Shepard is a carefully spoken man and also a dreamer. When I met with him and his wife, Betsey, one quiet evening in Rangeley, in the posh and rustic pine-paneled environs of the dining room at Loon Lodge Inn, he wore horn-rimmed glasses and an ornate Tyrolean sweater as he spoke of western Maine in reverent tones. 

“We honeymooned right here at Saddleback Lake Lodge, in 1981,” he said. “The people of western Maine are no-nonsense. They don’t care what kinds of clothes you wear or what kind of car you drive. If you love skiing, you’re in here. And the mountain itself”—he gestured toward Saddleback—“it’s been part of the lives of tens of thousands of families.”

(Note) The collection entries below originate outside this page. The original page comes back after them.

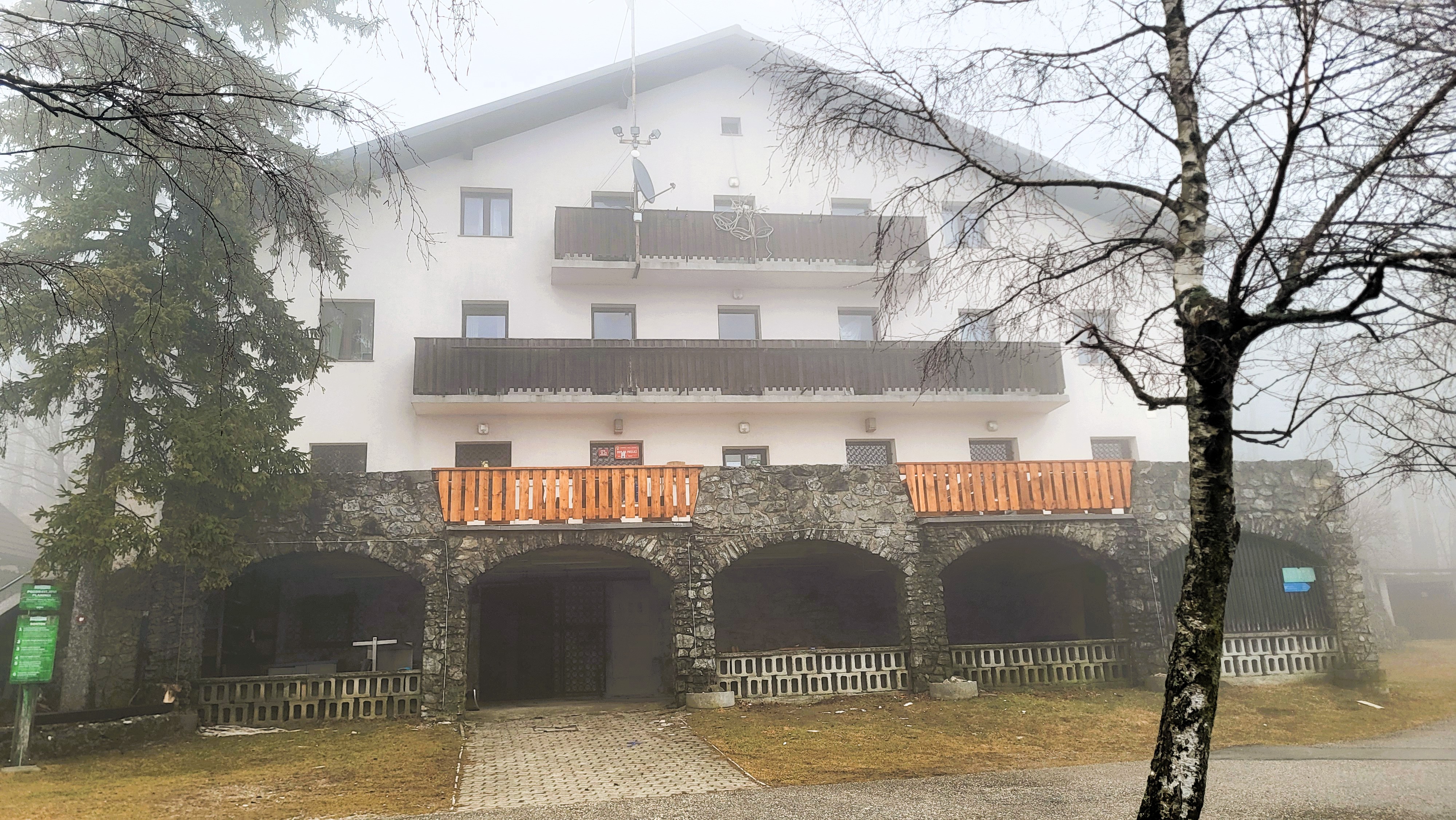 Vrh Mrzlice se nahaja tik nad planinskim domom. Med vzpenjanjem nas je poškropil dež in pozdravil veter. A mi se ne damo. Cilj smo dosegli, razgled pa bomo uživali kdaj drugič.
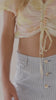 Blusa corta y ligera, con escote en pico y fruncido central.
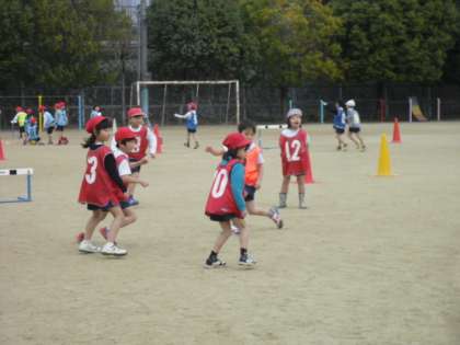 先週の金曜日は,雨の為,残念ながら出来なかったのですが,今日は何とか3時間目までは雨が降らずにできました。4時間目には,雨が降ってきたので,良かったです。今日は,前半と後半の間に作戦タイムをとりました。
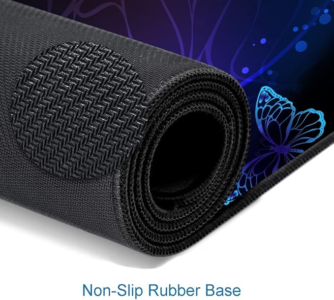 Gaming Mouse Pad, Large Mouse Pads for Women, Non-Slip Rubber Base Mousepad, Keyboard Mouse Mat, Desk Pad with Stitched Edges, 31.5x11.8inch, Purple Butterfly

The same could be said of Black Mountain, of course, one of Shepard’s successful turnarounds. So a couple weeks later, when I was passing through western Maine, I dropped by there, hoping to get a taste of the casual magic that might pervade the new Saddleback. 

In the rental shop, I talked to clerk Peter Chase. “We used to be a local ski area,” said Chase, a town selectman in nearby Rumford. “Now 70 percent of our skiers come from places like Augusta and Lewiston and Auburn.” He spoke of these small Maine cities in awed tones of appreciation before adding, “But we’re still the kind of ski area where people are willing to get down on their hands and knees to help a little boy put on his ski boots.”

Outside, under azure skies, hundreds of skiers were braving the ten-degree chill, not all of them with alpinist grace. (Black is not a black-diamond mountain.) By midafternoon the packed base lodge was almost steamy with human heat. Upstairs, in the Last Run Pub, a veteran singer-songwriter—Jim Gallant, a native of Mexico, Maine—played soulfully. I sat at the bar nursing an ale as I watched the crowds clomp in and out in their ski boots. I basked in the warmth and the happiness undergirding the applause that followed each song, and as I neared the bottom of my pint, I cast my mind nine months forward to Saddleback’s grand-opening party.

Cougar Skyway is going to rock that bash.

Editor’s Note: The story has been updated with the original name of the Outdoor Sports Institute.